There are no definite answers and the video will remain oblique unless any blunt commentary is offered by the artists or its producer. However, there was somewhat of a consensus reached on my facebook wall when I asked friends to express their viewpoints on the video. Here is what a few of them had to say:
Neal Patterson: “Gavras’s work is beautiful as always, but the overwhelmingly male spectacle (especially towards the end where it looks like a stadium concert) makes it look like they’re using revolution to sell their music instead of using music to sell revolution.”
Sarah-Ji: “Are there any women in this video?”
Michelle Lugalia Hollon: Did [Jay-Z and Kany West] say they were doing it for the people? I think we give celebrities too much “conscious” credibility. They may have done this because it’s just cool to them. Based on that assumption, I actually think it’s beautiful to watch. The sooner we decide to stop projecting these expectations on these two (Watch the Throne was not about anything but them and their thoughts) or others (unless they make such statements) the better.

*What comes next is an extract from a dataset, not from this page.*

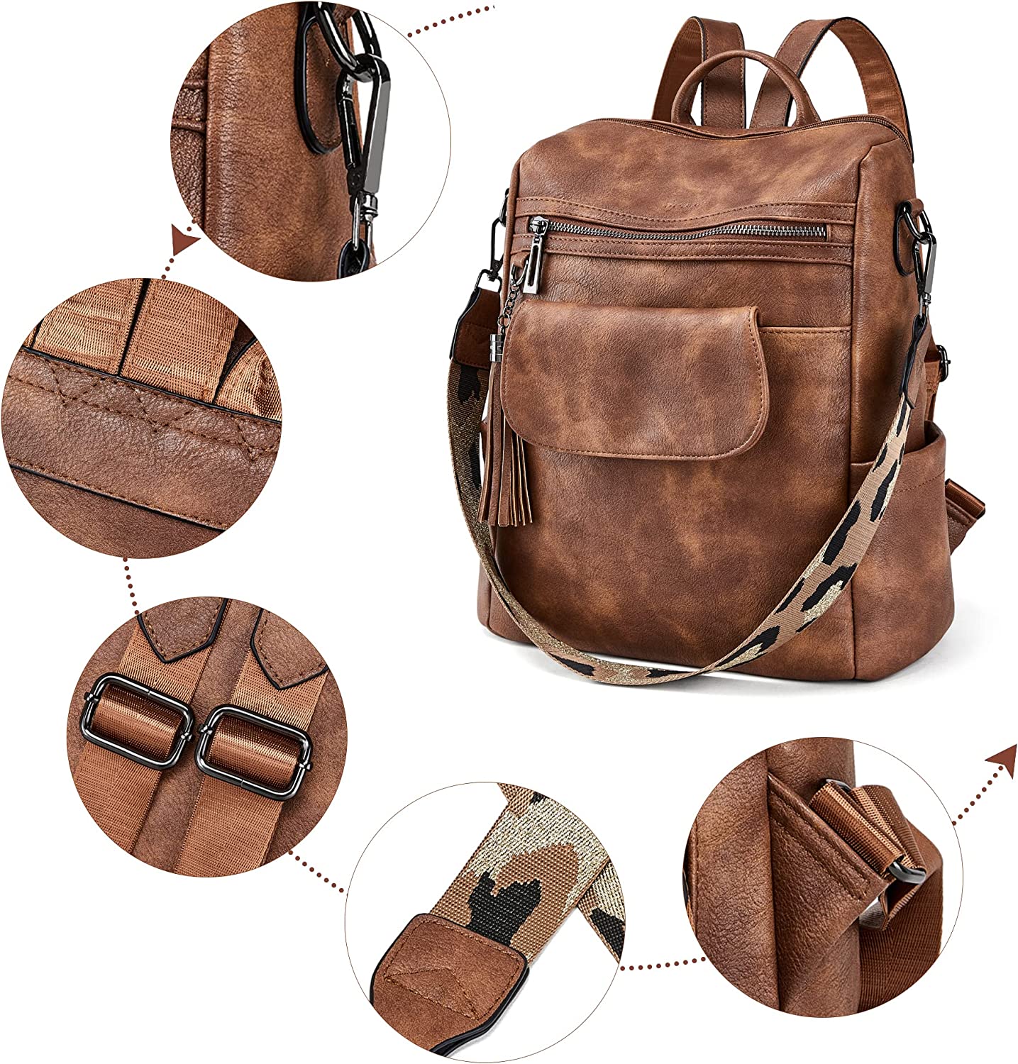 【HIGH-QUALITY MATERIAL】This backpack purse for women is made of high-quality water-resistant, anti-scratch and tear-resistant soft leather, metal accessories, canvas shoulder strap and fabric lining, all these details are fashionable and durable. and there is a cute tassel next to the front pocket.

Paul Weiskel: This just fits into the historical cycle of music and culture reflecting what is going on in society. Kanye, Jay-z, and Romain Gavras are too talented and passionate about their art for this to just be pandering or using revolution to sell music but at the same time there is no easily discernible political statement from the video or song itself. The question to ask coming out of this is whether or not this will become a trend in the entertainment industry.